Неужели он рассчитывал, что она ничего не заметит? О Господи! Да у него же это написано на лбу неоновыми буквами! Даже пока была жива мама, Бронуин замечала, что отец старается не упоминать о своей первой жене, будто чего-то боится. Иногда у него на лице появлялось отрешенное, мечтательное выражение, словно он погружался в воспоминания, которыми нельзя делиться ни с кем. Мама тоже видела это. Но она все понимала и прощала. Бронуин подозревала, что именно поэтому отец и женился на ней – потому, что она принимала его таким, какой он есть, со всей сердечной болью, первой любовью и так далее.

Но теперь все изменилось. Мамы уже нет в живых, а Мэри вернулась в город. А еще надо быть слепым, чтобы не заметить, как помешан на ней отец. Бронуин не знала, к чему все это приведет, и понимала только, что не желает принимать в происходящем никакого участия. Как сказала бы Макси, «ик-сней-оней», что на лошадиной латыни значит «черта с два!». У лучшей подруги Бронуин был готов ответ на все, чаще всего этим ответом было краткое неприличное слово. Когда Бронуин поделилась с ней опасениями, верная себе Макси дала самую точную оценку ситуации: очередная серия «мыльной оперы» вроде «Мелроуз-плейс».

Бронуин скрыла от подруги только одно – как ей страшно. То, что случилось с Ноэль, отразилось на жизни каждого из них, стало ударом не только для ее сестры. «И я не собираюсь сидеть и ждать, когда какой-то тупой судья разберется, что к чему». У Макси были тетя с дядей, развод которых затянулся на несколько лет. За такой долгий срок могло случиться все, что угодно. Ноэль, которая уже теперь напоминала ходячий труп, могла заболеть по-настоящему… как мама. Роберт мог успеть совсем сбить с толку маленькую Эмму. А папа… Чего доброго, он женится еще раз. От этой мысли Бронуин передернуло.

Но ее план имел один недостаток: чтобы провернуть его, требовался помощник. А Бронуин могла рассчитывать только на одного человека.

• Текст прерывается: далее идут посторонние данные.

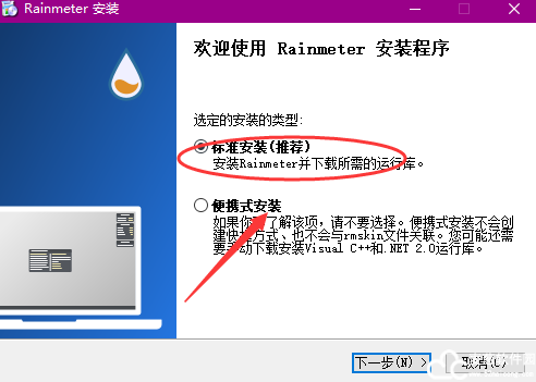 4、进入到安装向导后,勾选标准安装,点击下一步。

Она потянулась к телефону, но при мысли о том, что ей придется обратиться к Данте с такой просьбой, ее рука повисла в воздухе. «Если нас поймают, мы оба угодим в тюрьму». Для ее приятеля привод будет уже не первым. Полгода назад за вождение машины в нетрезвом состоянии он провел ночь за решеткой и заработал приговор с отсрочкой, но, к счастью, благодаря этому они познакомились.

Бронуин навсегда запомнила день, когда в ее жизни появился Данте Ло Прести. Дважды в неделю она работала волонтером в организации «Голос», направлявшей чтецов к слепым. Именно там Данте отбывал сто часов общественных работ. Его направили вместо Бронуин к старому мистеру Гуд-мену, который был не только слепым, но и страдал болезнью Альцгеймера, притом считал, что все вокруг обворовывают его. Не прошло и недели, как он обвинил Бронуин в краже зубной щетки. И не только ее. До этого Берни Гудмен отказался от услуг еще двух волонтеров.

Они встретились в помещении организации, где Бронуин ждала нового назначения. Вошедшего парня она оценила бы в одиннадцать с половиной баллов по десятибалльной шкале. В кожаной куртке и ботинках мотоциклиста, с улыбкой дерзкого мальчишки и томными глазами, он вызывал сумасшедший восторг, как лучший из аттракционов Диснейленда. Когда Данте небрежным тоном пригласил ее посидеть к Мерфи, она без колебаний приняла приглашение.

К сожалению, отец Бронуин вовсе не считал Данте ни классным, ни просто порядочным парнем. Во-первых, Данте уже исполнилось восемнадцать, пусть совсем недавно, и поэтому в глазах ее отца Данте приравнивался к сексуально озабоченным извращенцам. Вдобавок Данте выглядел года на три старше, редко брился, а под ногтями у него всегда виднелась грязь – он работал в авторемонтной мастерской Стэна. Но если бы папа познакомился с ним поближе, он понял бы, что на самом деле Данте очень славный. Но как они могли познакомиться, если отец строго-настрого запретил Бронуин встречаться с этим парнем?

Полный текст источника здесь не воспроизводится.